The Veterinary Medicines Directorate has moved registration for online veterinary medicine retailers into a new online form, replacing the previous Word document process. For most small retailers, pharmacies, veterinary practices and suitably qualified person businesses, the change is mainly administrative. But it is also a useful reminder that selling certain animal medicines online is not something to add to a website at the last minute.
The VMD said on 15 June 2026 that anyone retailing prescription veterinary medicines online, including POM-V, POM-VPS and NFA-VPS categories, must be registered with the directorate before trading. New applicants should use the online service linked from the GOV.UK guidance page for selling veterinary medicines on the internet.
Existing businesses already listed on the VMD Register of Online Retailers, or registered under the Accredited Internet Retailer Scheme, do not need to take action because of this form change. The update affects new applications to join the register.
Why this matters for small businesses
For independent pet retailers, rural stores, veterinary practices, pharmacies and specialist ecommerce firms, the important point is timing. GOV.UK guidance says applications must be submitted at least two months before online sales of the relevant veterinary medicines begin. That lead time can affect launch plans, website build schedules, marketing campaigns and stock decisions.
A retailer planning to add animal medicines to an online shop should therefore treat VMD registration as a project requirement, not a post-launch tidy-up. If the product range includes POM-V, POM-VPS or NFA-VPS medicines, the business should check whether registration is required before pages go live, adverts start running or customers are invited to order.
The rules also create website obligations. GOV.UK guidance says registered online retailers must show required information on each part of their website where POM-V, POM-VPS or NFA-VPS medicines are offered. That includes the statement that the business is a registered internet retailer of veterinary medicines, VMD contact details for enquiries relating to online veterinary medicine purchases, and a link to the published register.
Those are practical web and compliance tasks. A small retailer may need its ecommerce provider, web developer, pharmacist, SQP or practice manager to coordinate the product pages, footer text, compliance wording and register links. The new online form may make the application step easier, but it does not remove the need for accurate product categorisation and a compliant customer journey.
What to check now
Businesses considering online veterinary medicine sales should start with three questions. First, which product categories will be sold? Internet retailers of AVM-GSL medicines only do not have to register, according to the VMD’s retail guidance, but POM-V, POM-VPS and NFA-VPS products bring registration requirements.
Second, when is the intended launch date? If registration must be submitted at least two months before sales begin, a launch planned for late summer or autumn may already need action.
Third, who owns compliance on the website? It is easy for medicine pages to be treated like ordinary ecommerce listings, but the guidance makes clear that specific statements, contact details and register links are part of the online sales setup.
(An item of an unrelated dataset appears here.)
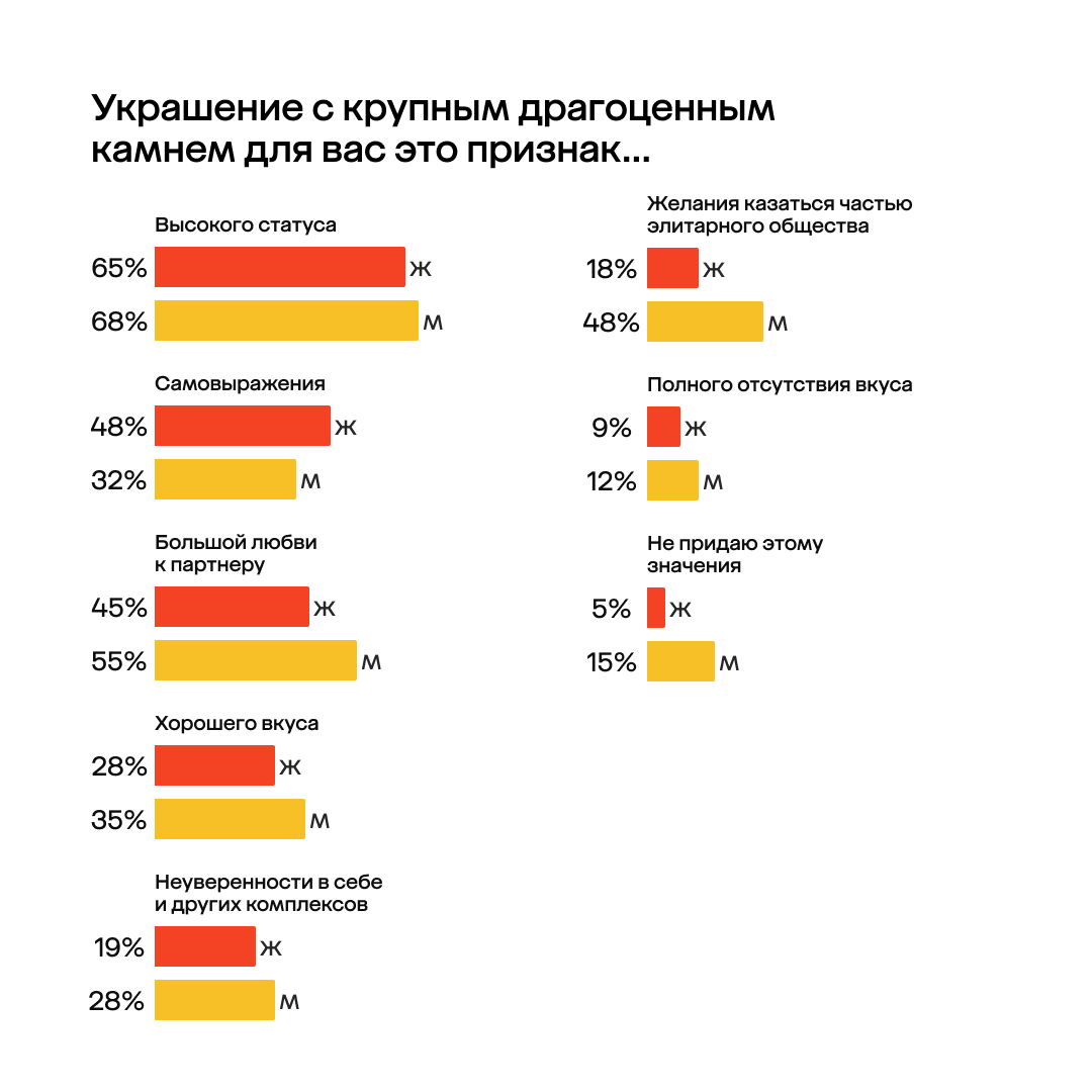 Лишь небольшая часть опрошенных женщин видят крупный камень как способ компенсации неуверенности в себе и других комплексов (19%) и желания показать свою принадлежность к элите (18%). Среди мужчин такую точку зрения разделяют 28% и 48% соответственно.
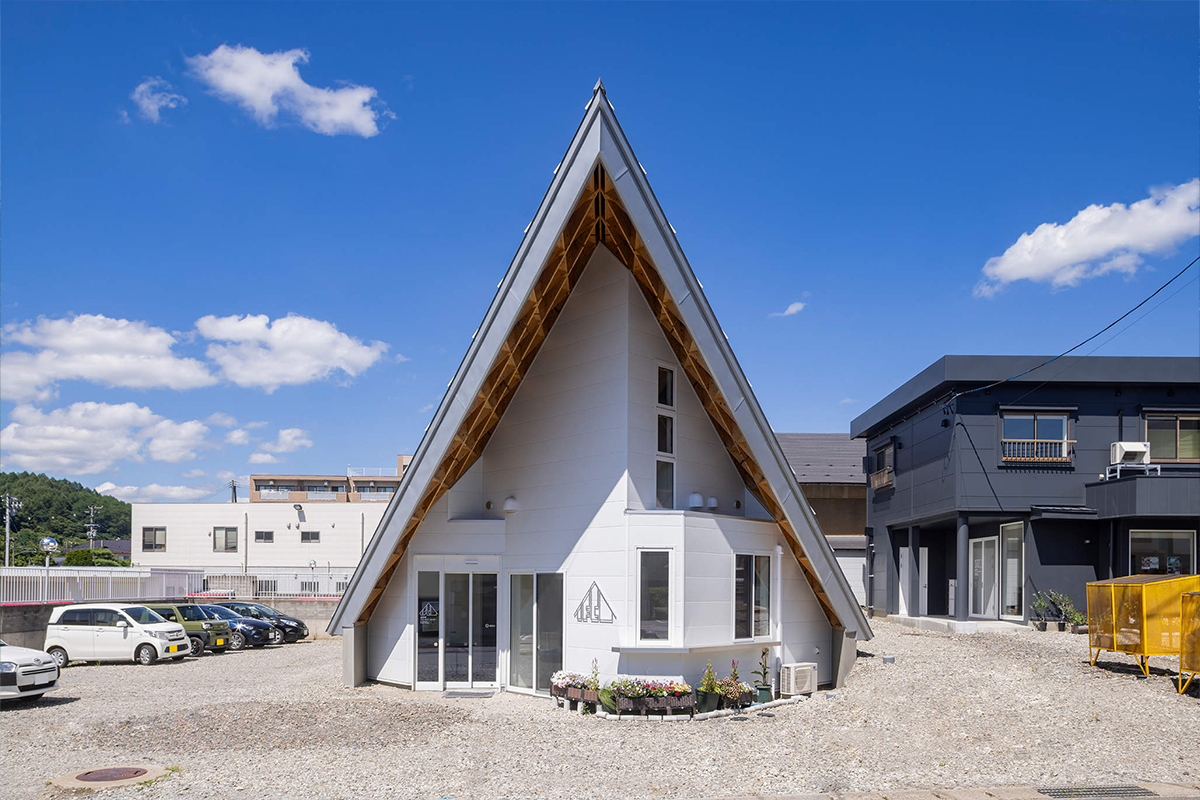 特に片流れ屋根と斜め窓による平行線の構成、ならびに白いゲートの角度および配置には高度な意匠性が認められます。

Retailers should also be careful not to confuse registration with voluntary accreditation. The Accredited Internet Retailer Scheme is separate and voluntary. Being registered is the key requirement for businesses covered by the rules; accreditation may be relevant for some retailers, but it is not the same thing as deciding whether registration is needed before trading.
The sensible next step is to review the VMD guidance, confirm whether the planned products are in scope, and build the registration timeline into any online launch or range expansion plan. For small businesses, the cost of getting this wrong may be more than a delayed form: it can mean pausing sales pages, reworking a launch, and losing customer confidence in a specialist category where trust matters.